San Jose Shipwreck is Getting Exhumed by Columbia to Recover $20 Billion Worth of Treasure

For more than three centuries, the San Jose is getting recovered.

Dubbed the "holy grail of shipwrecks," the San Jose will soon be exhumed from its resting place at the bottom of the ocean near the port of Cartagena, off the country's cost that it shares with the Caribbean. It was said that at its resting place, the Spanish galleon is known to carry massive treasures, with those that discovered it estimating as much as $20 billion lies beneath.

For more than three centuries, the shipwreck was unseen, with many claims differing from the other, but the Colombian navy's latest discovery motivates them to recover what was once lost.

San Jose Shipwreck is Getting Exhumed from the Ocean

San Jose Shipwreck
Greg Nerantzakis on Unsplash

The Independent reported that the Colombian government is now putting a significant effort into recovering the San Jose, a renowned Spanish galleon that was sunk in 1708 by the British navy off the port of Cartagena. The wreck was initially discovered in 2015, and it was regarded as "the most valuable that has been found in the history of humanity," as claimed by Colombian President Juan Manuel Santos.

Its recovery of the San Jose is a matter of urgency for the country, and since its discovery, there have been plans to exhume the ship from the ocean's depths.

The team of divers who initially found it claimed that it was 3,100 feet below the ocean's surface, with massive challenges and extreme conditions awaiting its future efforts.

Colombia Claims $20B Treasure to Be Recovered

The previous efforts and undertakings by the Armada de Colombia claimed that there was as much as $20 billion worth of treasure, in today's money, which is lying underneath the ocean floor. Amidst the massive shipwreck, the San Jose treasure remains, with future efforts looking to take back what is for the Colombian government, soon to recover what lies in the depths.

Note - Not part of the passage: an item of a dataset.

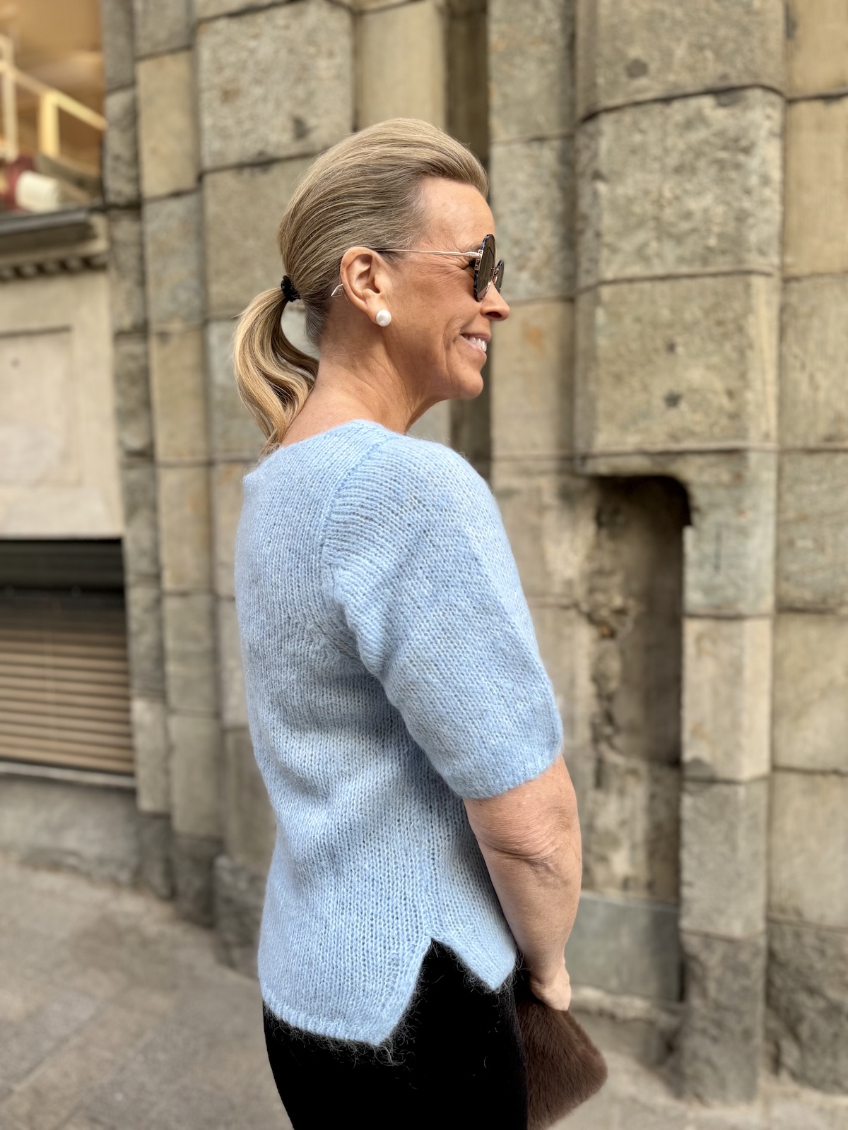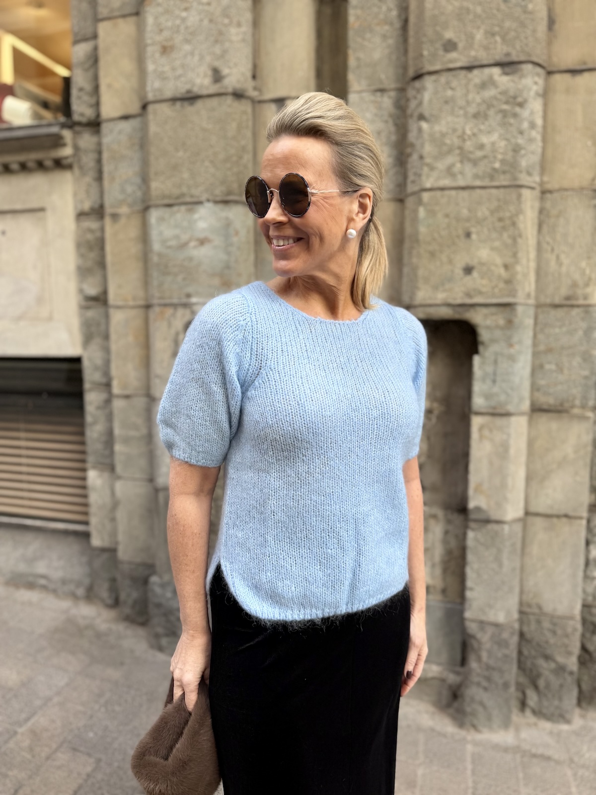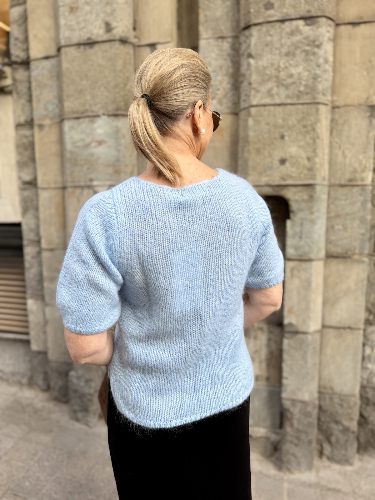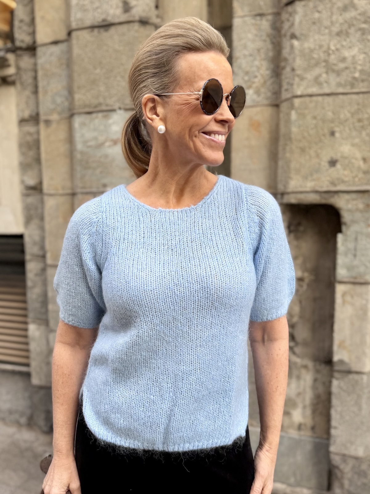 Cemille lyhythihainen neule; vaaleansininen meleerattu
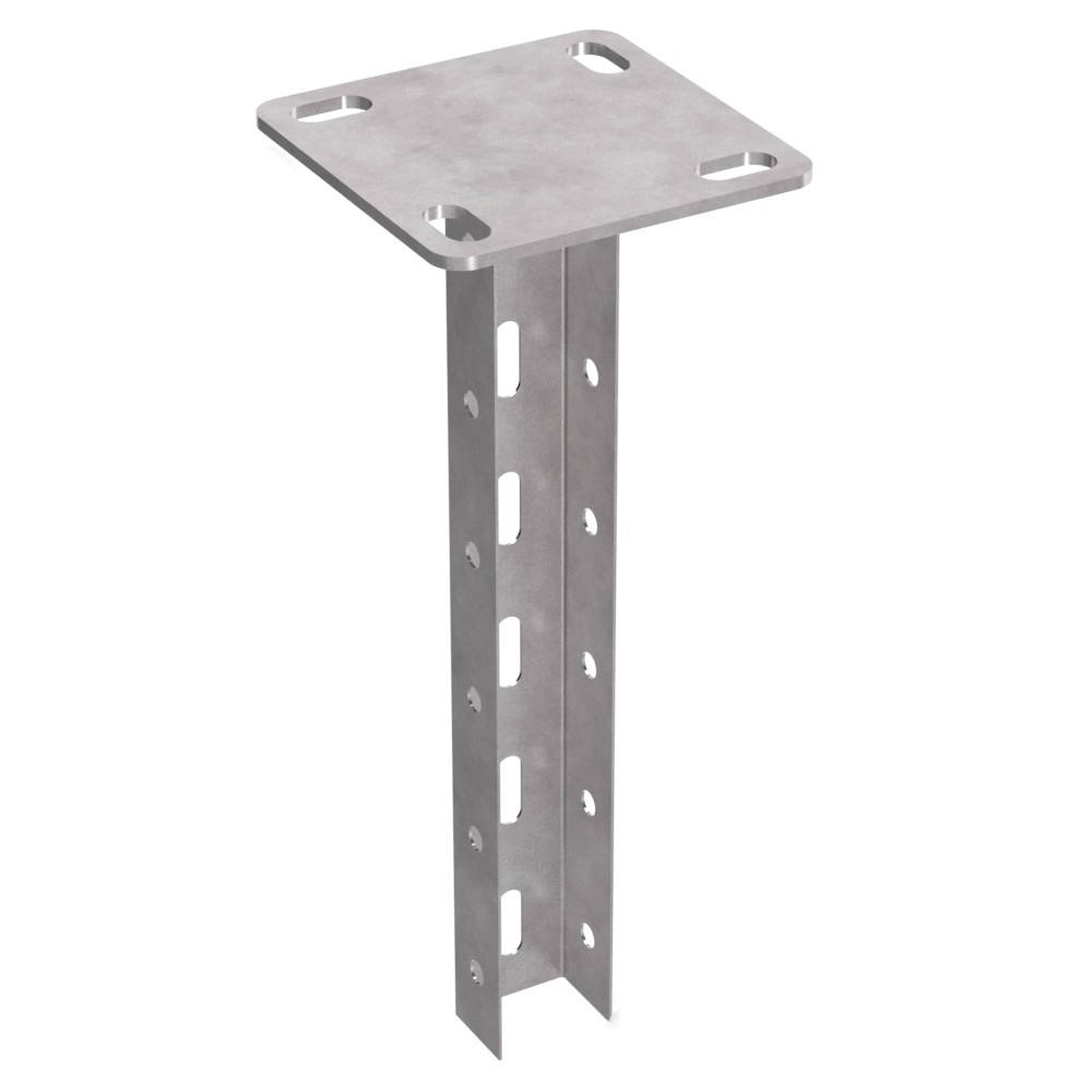 Описание Стойка потолочная для средних нагрузок 45х30 с пяткой 120х120 это опорное изделие, состоящее из П-образного профиля и квадратного основания, сваренных между собой. П - образный профиль и квадратное основание из стали 4 мм. позволяют крепить стойку к потолку. Разные исполнения по длине данного изделия дают возможность подбирать оптимальный вариант для формирования нужных конструкций. Вдоль всего профиля имеется перфорация по трем плоскостям, обеспечивающая удобный монтаж двухстороннего стоечного кронштейна на необходимой вам высоте. Ширина профиля обеспечивает дополнительную жесткость и прочность создаваемых конструкций кабеленесущих систем.

Shipwrecks and the Efforts to Recover

The San Jose is one of the most iconic galleon ships of the Spanish during its time, but it is only one of the many shipwrecks that have been lost throughout the early years of using this mode of transportation. Technology now plays a massive role in locating the sunken ships, with NOAA offering its ocean mapping tech, previously helping find the Ironton which capsized in Lake Huron last 1894.

While there are also shipwrecks that have been found and exhumed before, the technology present today helps deliver explanations as to what happened from the events of the past. One example was the recent rare footage that features the "haunting wreckage" of the infamous Titanic, the British passenger line which sunk in the Atlantic Ocean on its maiden voyage.

There are still massive efforts in locating boats and ships of the past, and while some may have been forgotten in history, others remain a top priority to relocate and recover. Columbia is now going all-in for its discovery five years ago, with the San Jose soon seeing the surface yet again since 315 years ago, offering the country as much as $20 billion of the sunken treasure.